En cualquier otra casa, no habría tenido importancia el recuerdo de alguien muerto. La
soledad, que iba tan arraigada a su estilo de vida, les llevaba a culparse a ellos mismos
por la desaparición de aquellos que alguna vez habían querido. Su aislamiento les
convertía en desconocidos para las demás personas de su familia, y esas personas eran
extraños para ellos. Así, el recuerdo de cada uno de sus seres queridos se dividía en dos
lados: el primero se refería a los buenos momentos que habían pasado con ellos; el
segundo era más terrible, y más pesado, pues trataba de cómo tan solo había sido
necesario el paso de los años para que se olvidasen.
No merecía la pena pensar en ello.

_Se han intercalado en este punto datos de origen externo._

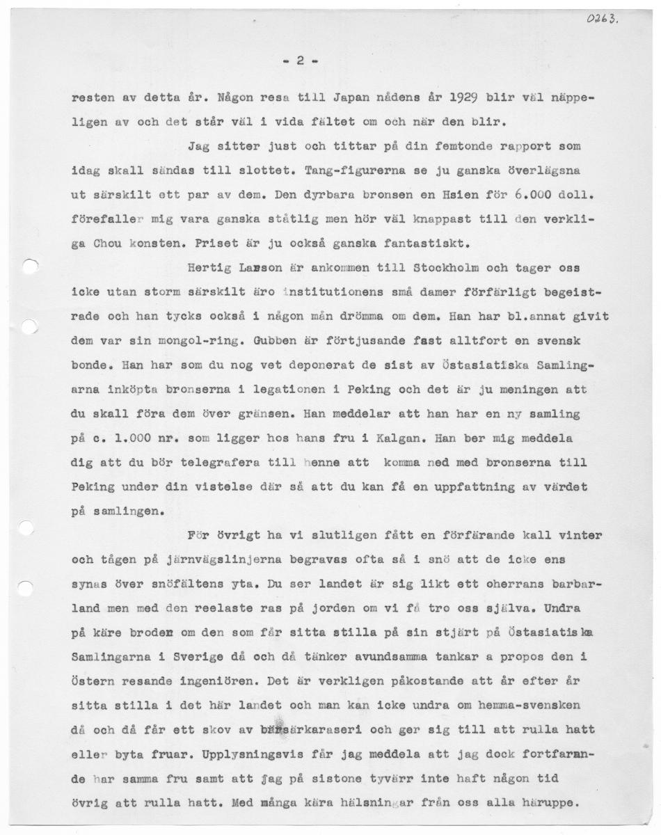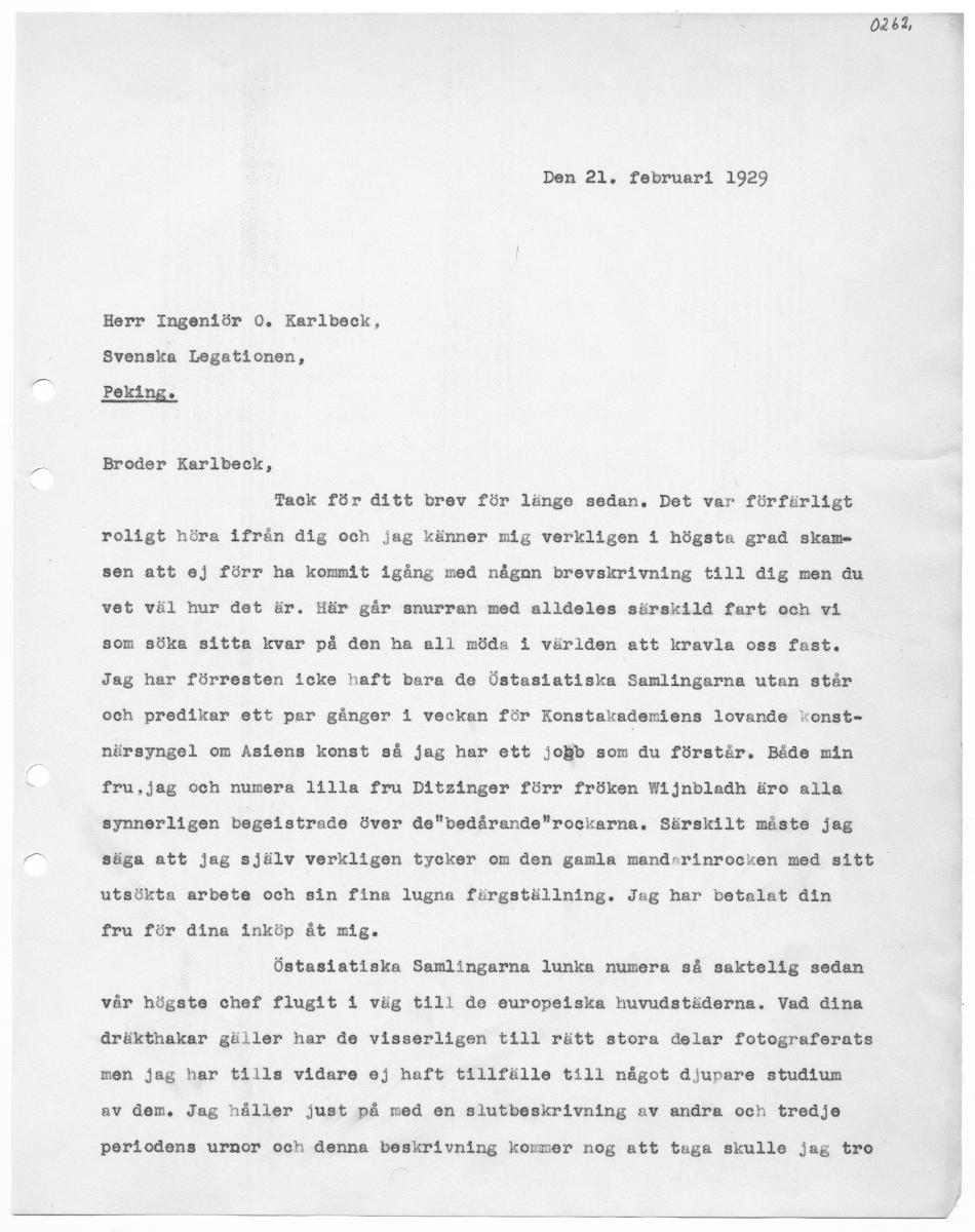 0262, Den 21. februari 1929 Herr Ingeniör 0, Karlbeck, Svenska Legationen, Peking, Broder Karlbeck, Tack för ditt brev för länge sedan. Det var förfärligt roligt höra ifrån dig och jag känner mig verkligen 1 högsta grad skam. sen att ej förr ha kommit igång med någon brevskrivning till dig men du vet väl hur det är. Här går snurran med alldeles särskild fart och vi som söka sitta kvar på den ha all möda i världen att kravla oss fast. Jag har förresten icke haft bara de Östasiatiska Samlingarna utan står och predikar ett par gånger i veckan för Konstakademiens lovande konst- närsyngel om Asiens konst så jag har ett joljb som du förstår. Både min fru,jag och numera lilla fru Ditzinger förr fröken Wijnbladh äro alla synnerligen begeistrade över de"bedårande"rockarna.,. Särskilt måste jag säga att jag själv verkligen tycker om den gamla mandsrinrocken med sitt utsökta arbete och sin fina lugna fäörgställning. Jag har betalat din fru för dina inköp åt mig. Östasiatiska Samlingarna lunka numera så saktelig sedan vår högste chef flugit i väg till de europeiska huvudstäderna. Vad dina dräkthakar gäller har de visserligen till rätt stora delar fotograferats men jag har tills vidare ej haft tillfälle till något djupare studium av dem. Jag håller just på med en slutbeskrivning av andra och tredje periodens urnor och denna beskrivning kommer nog att taga skulle jag tro

Se les habían agotado los planes. No les queda nada
por hacer salvo esperar a que llegase la tarde y les apeteciera salir a tomar algo. Aureli
quería proponerles una visita a un museo. Si no fuera porque los conocía y, tal y como
eran, habrían hecho lo imposible para huir de lo que tuviera que ver con instituciones,
ya les habría dicho. El mismo piso de Aureli era un museo, para ellos. Lo
inspeccionaban como si tuvieran que encontrar rastros de robo o asesinato.

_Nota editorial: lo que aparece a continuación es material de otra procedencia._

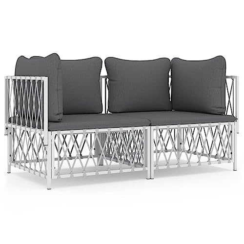 Ensemble de meubles de jardin 2 pièces avec coussins en acier blanc, ensemble de meubles de jardin, table et chaises décoration pour terrasse, patio, balcon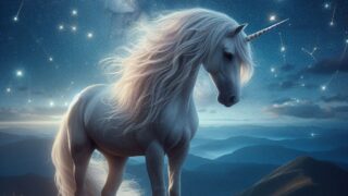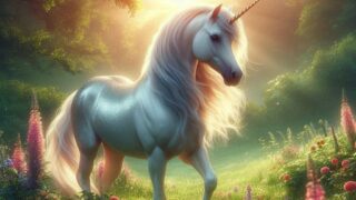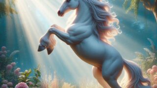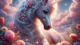 朝の光の中で祈りを捧げるユニコーン。静寂と希望が交わる癒しの物語。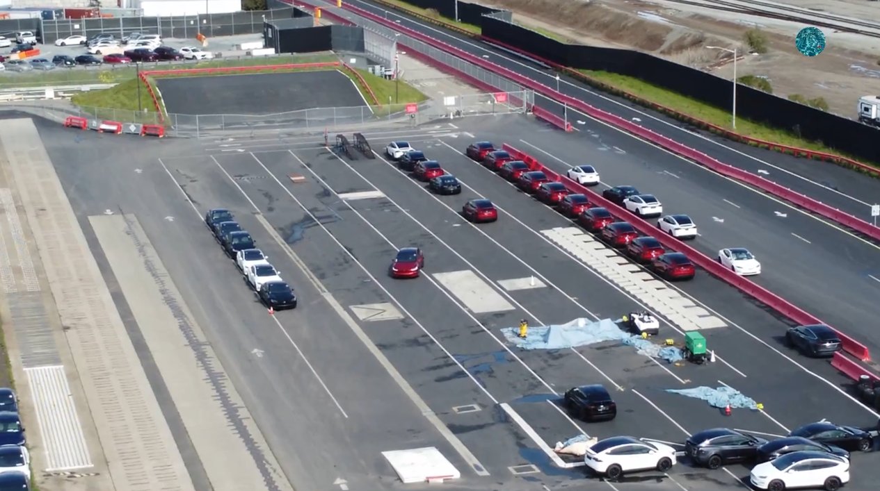 UPDATE 11:43pm PT: Fremont is already producing Ultra Red. 14 Model X SUVs spotted at the test track yesterday in the new colour in this drone flyover.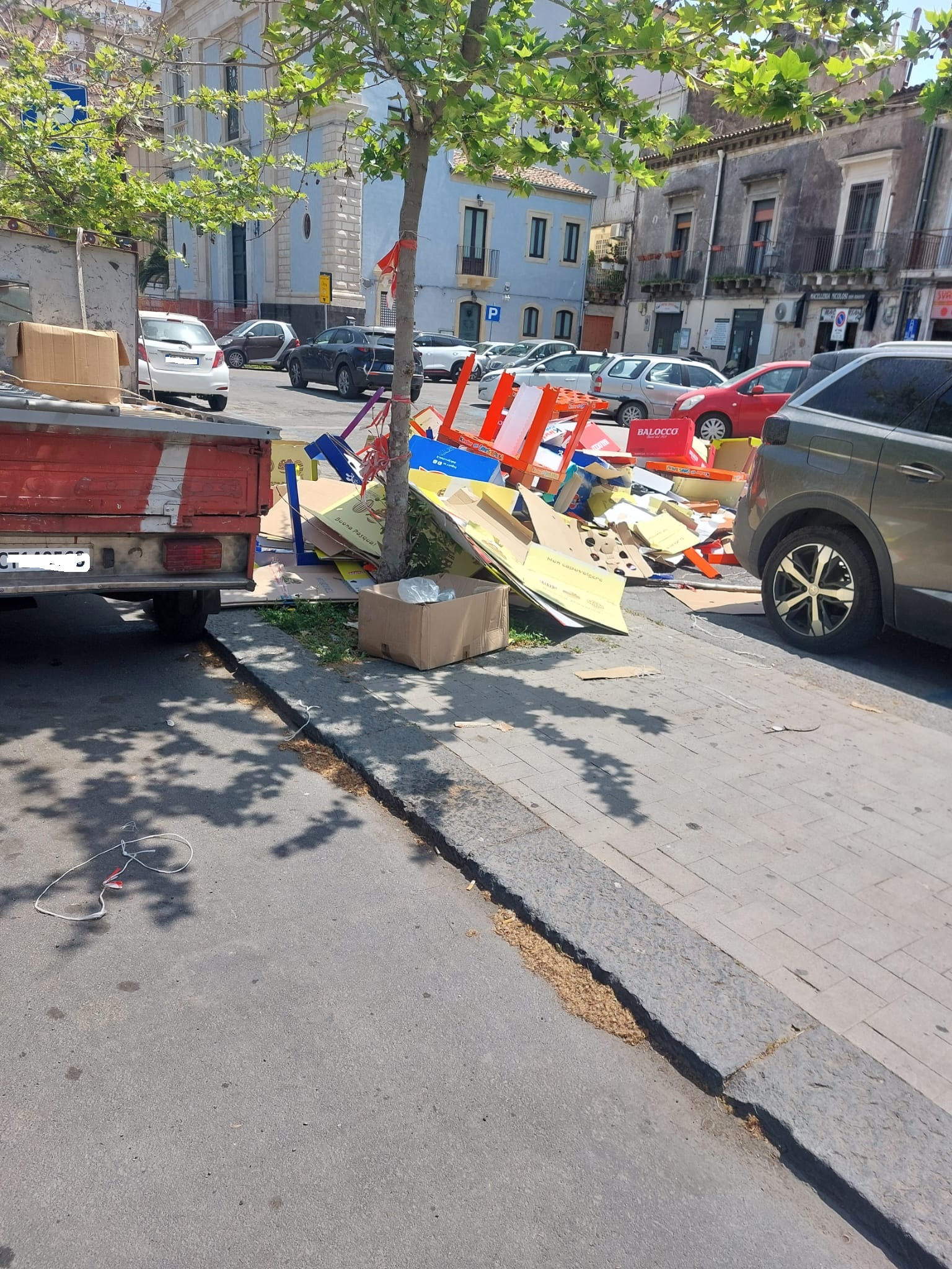 Catania, Piazza Cavour. Ecco come viene lasciato il suolo pubblico. Passano gli addetti, passano chi dovrebbe controllare ma rimane tutto com'è.

En realidad, aparte de la tensión creada por el repaso que le habían dado al álbum de
fotos, ese mediodía no tenía nada de especial. Los gritos de los vecinos no se habían
detenido porque ellos intimaran. Las bocinas de los coches no dejaban de pitar, ni sus
motores de ronronear. Los chicos que normalmente hacían el payaso por la calle seguían
haciéndolo. Y el cartero que, con retraso habitual, le traía sus cartas. Aureli lo oyó
llegar. Fue hacia la puerta, desesperado. Le diría que no tenía por qué tratar de meter las
cartas por debajo de la puerta. No había espacio suficiente, ¿es que no lo veía?

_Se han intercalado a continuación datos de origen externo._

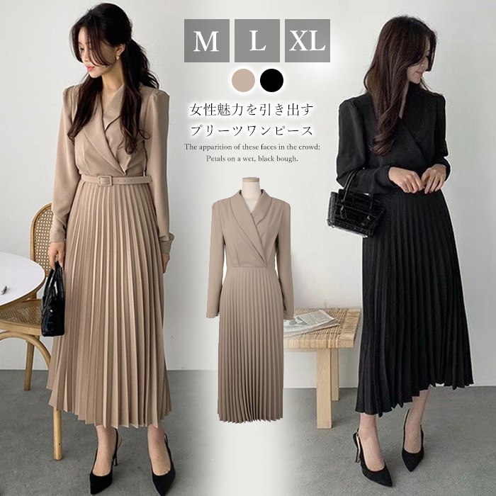 ワンピース レディース プリーツワンピース 長袖 スーツ プリーツ ドレス 春 夏 秋 ワンピーススーツ ロングワンピース きれいめ 上品 エレガント 通勤 入学式 入園式
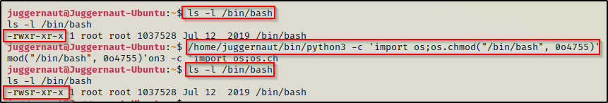 /home/juggernaut/bin/python3 -c 'import os;os.chmod("/bin/bash", 0o4755)'

Quedaban arrugadas. Algunas, incluso ilegibles. Pero cuando abrió, el hombre ya no
estaba. Recogió los sobres que había dejado sobre la alfombra. Bueno, por lo menos esa
vez no lo había hecho.
Una de las cartas era de su casero. Le escribía a propósito de los meses que había estado
sin pagar el alquiler. Su letra era recta. La manera en la que la tinta se hundía en el papel
hacía pensar que, quien lo hubiera escrito, debía estar cabreado. Esa era la impresión
que quería crear. No era una mala coincidencia que, con sus padres en casa, le llegase la
carta. Paseó por la cocina con ella entre las manos. Puso cara de circunstancias. Hasta
que su padre no le preguntó qué ocurría, no apartó la mirada de la hoja.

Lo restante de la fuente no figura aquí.